Records from a collection
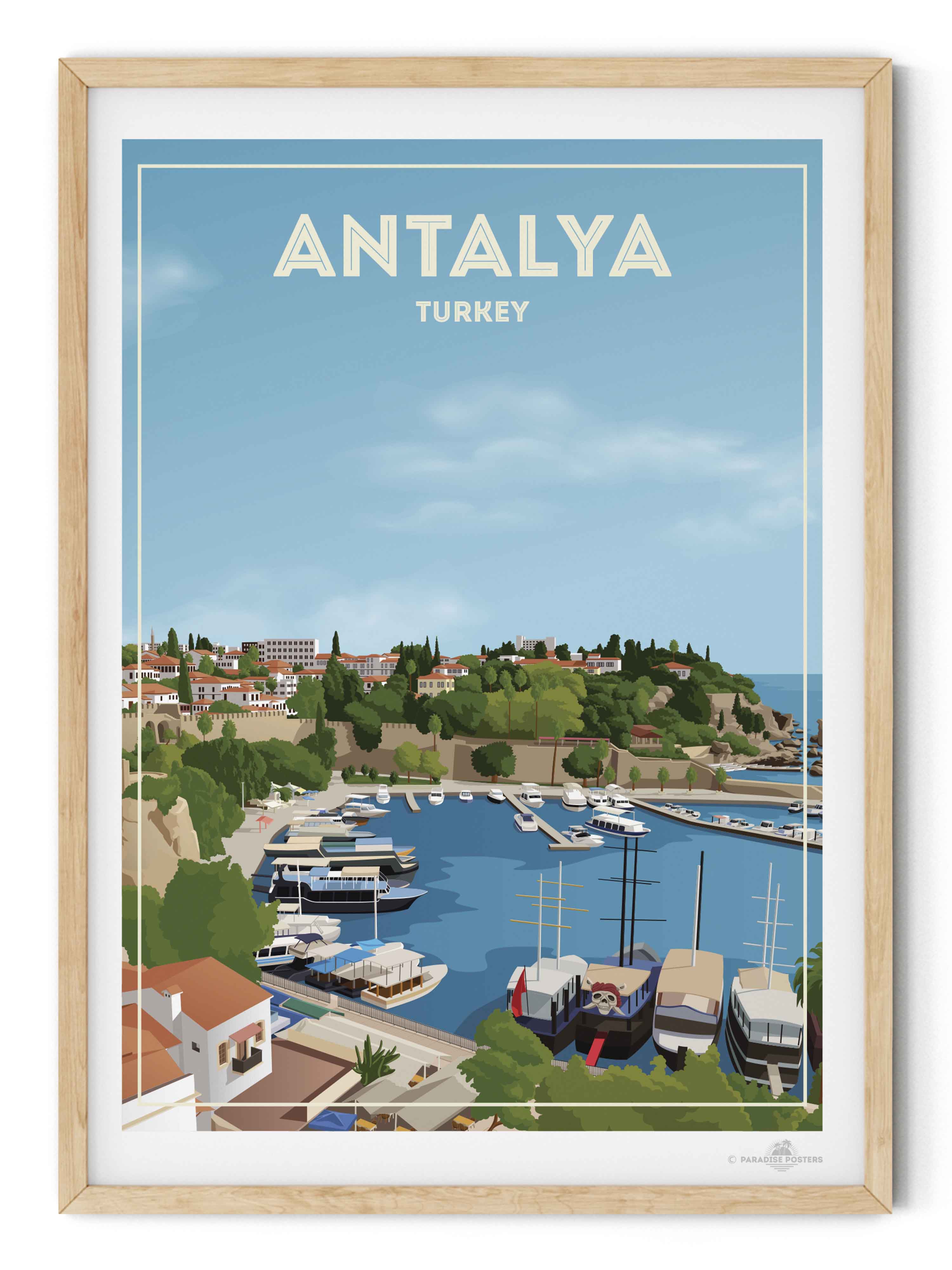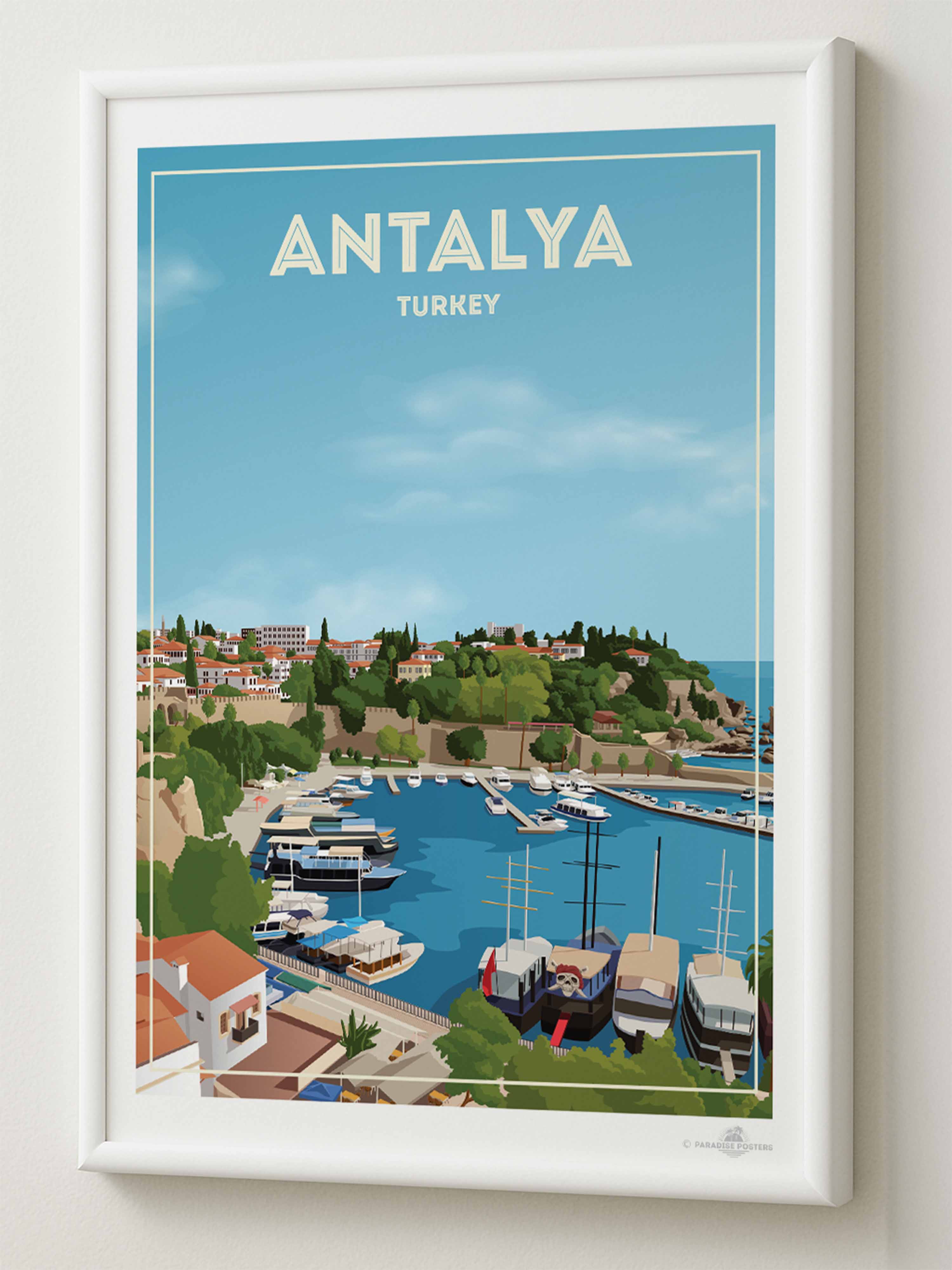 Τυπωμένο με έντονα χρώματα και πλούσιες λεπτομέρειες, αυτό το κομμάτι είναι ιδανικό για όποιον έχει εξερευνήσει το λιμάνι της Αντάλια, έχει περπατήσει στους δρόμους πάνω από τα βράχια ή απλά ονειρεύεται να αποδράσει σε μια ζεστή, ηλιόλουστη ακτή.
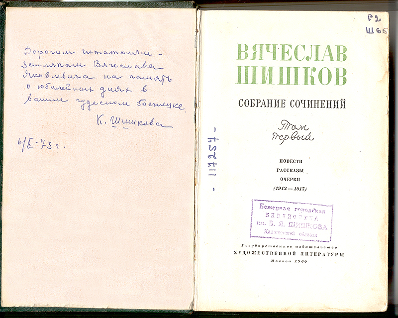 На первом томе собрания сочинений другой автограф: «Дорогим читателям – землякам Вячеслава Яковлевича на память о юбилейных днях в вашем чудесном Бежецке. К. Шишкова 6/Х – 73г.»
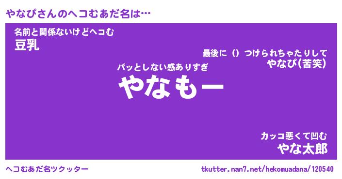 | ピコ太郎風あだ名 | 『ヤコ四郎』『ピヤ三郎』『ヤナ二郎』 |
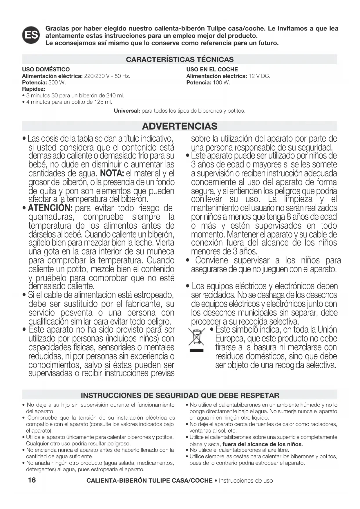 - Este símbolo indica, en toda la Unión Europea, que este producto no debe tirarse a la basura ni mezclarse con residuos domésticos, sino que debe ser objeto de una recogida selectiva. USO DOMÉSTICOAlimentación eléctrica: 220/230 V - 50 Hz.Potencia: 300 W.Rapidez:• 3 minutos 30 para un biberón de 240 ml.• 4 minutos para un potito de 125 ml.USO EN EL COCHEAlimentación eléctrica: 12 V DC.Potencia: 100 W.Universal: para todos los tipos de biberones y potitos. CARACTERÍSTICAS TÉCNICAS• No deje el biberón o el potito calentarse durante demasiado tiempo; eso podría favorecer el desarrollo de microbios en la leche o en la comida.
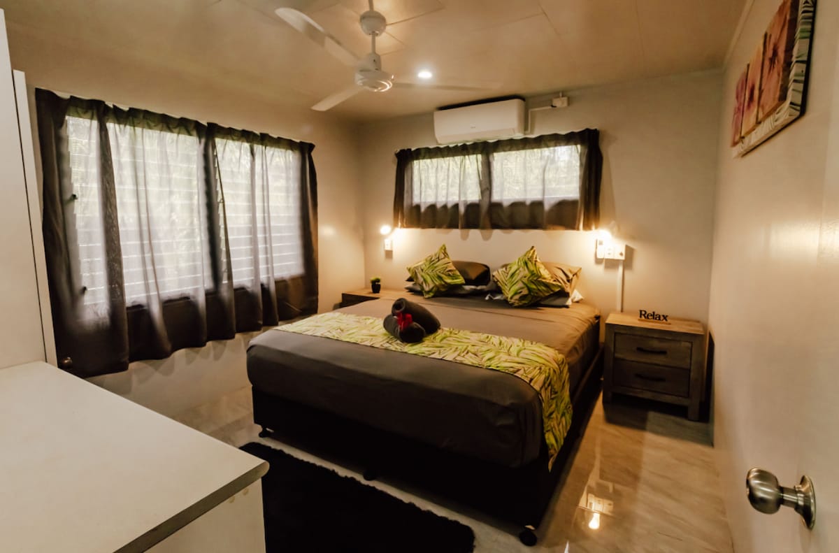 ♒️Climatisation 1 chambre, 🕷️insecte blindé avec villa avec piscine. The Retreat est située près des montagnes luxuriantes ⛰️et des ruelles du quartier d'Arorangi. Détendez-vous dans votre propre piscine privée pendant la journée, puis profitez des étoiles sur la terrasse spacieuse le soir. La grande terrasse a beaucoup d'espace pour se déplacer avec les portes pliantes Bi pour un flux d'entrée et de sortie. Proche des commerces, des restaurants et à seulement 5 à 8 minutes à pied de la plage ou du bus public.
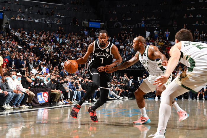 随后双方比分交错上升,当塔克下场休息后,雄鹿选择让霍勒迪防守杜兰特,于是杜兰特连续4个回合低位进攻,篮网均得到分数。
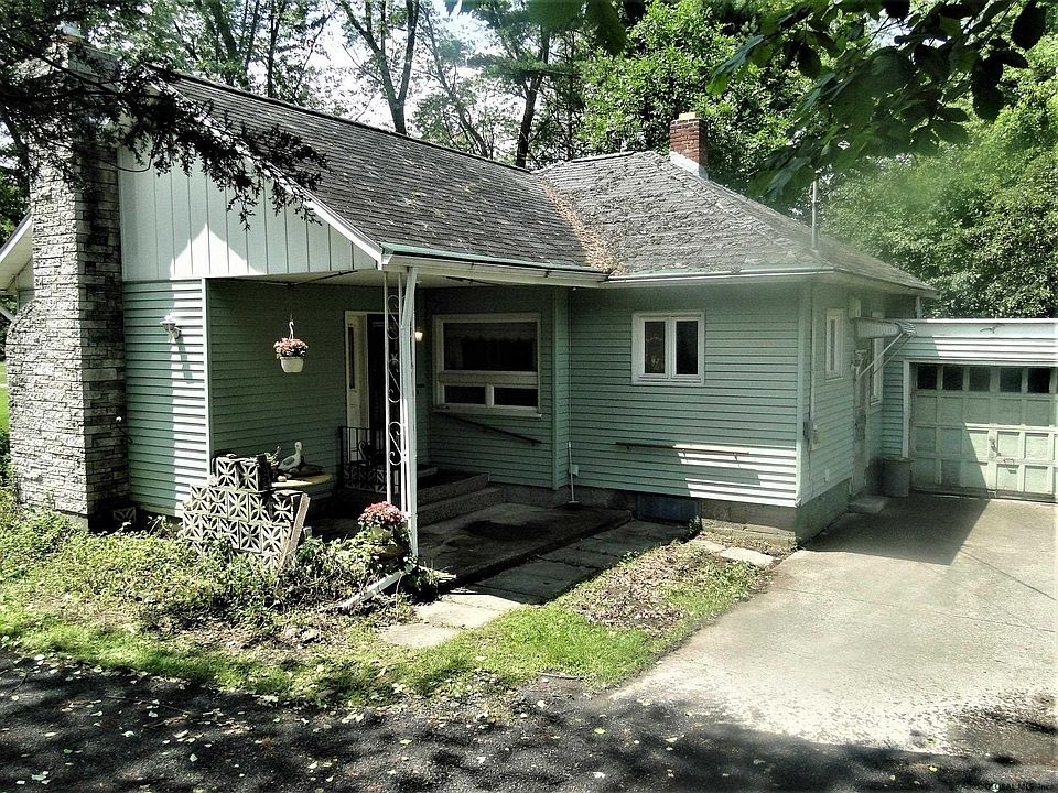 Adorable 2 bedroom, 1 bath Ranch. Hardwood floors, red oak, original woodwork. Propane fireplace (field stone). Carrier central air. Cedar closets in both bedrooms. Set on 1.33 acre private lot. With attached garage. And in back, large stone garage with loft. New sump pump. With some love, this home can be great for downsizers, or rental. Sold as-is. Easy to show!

_What the task asks_: Up to and including the line with "- Este símbolo", repeat every line from the top of the entries exactly, but not the pictures.

_Output for this task_:
 Τυπωμένο με έντονα χρώματα και πλούσιες λεπτομέρειες, αυτό το κομμάτι είναι ιδανικό για όποιον έχει εξερευνήσει το λιμάνι της Αντάλια, έχει περπατήσει στους δρόμους πάνω από τα βράχια ή απλά ονειρεύεται να αποδράσει σε μια ζεστή, ηλιόλουστη ακτή.
 На первом томе собрания сочинений другой автограф: «Дорогим читателям – землякам Вячеслава Яковлевича на память о юбилейных днях в вашем чудесном Бежецке. К. Шишкова 6/Х – 73г.»
 | ピコ太郎風あだ名 | 『ヤコ四郎』『ピヤ三郎』『ヤナ二郎』 |
 - Este símbolo indica, en toda la Unión Europea, que este producto no debe tirarse a la basura ni mezclarse con residuos domésticos, sino que debe ser objeto de una recogida selectiva. USO DOMÉSTICOAlimentación eléctrica: 220/230 V - 50 Hz.Potencia: 300 W.Rapidez:• 3 minutos 30 para un biberón de 240 ml.• 4 minutos para un potito de 125 ml.USO EN EL COCHEAlimentación eléctrica: 12 V DC.Potencia: 100 W.Universal: para todos los tipos de biberones y potitos. CARACTERÍSTICAS TÉCNICAS• No deje el biberón o el potito calentarse durante demasiado tiempo; eso podría favorecer el desarrollo de microbios en la leche o en la comida.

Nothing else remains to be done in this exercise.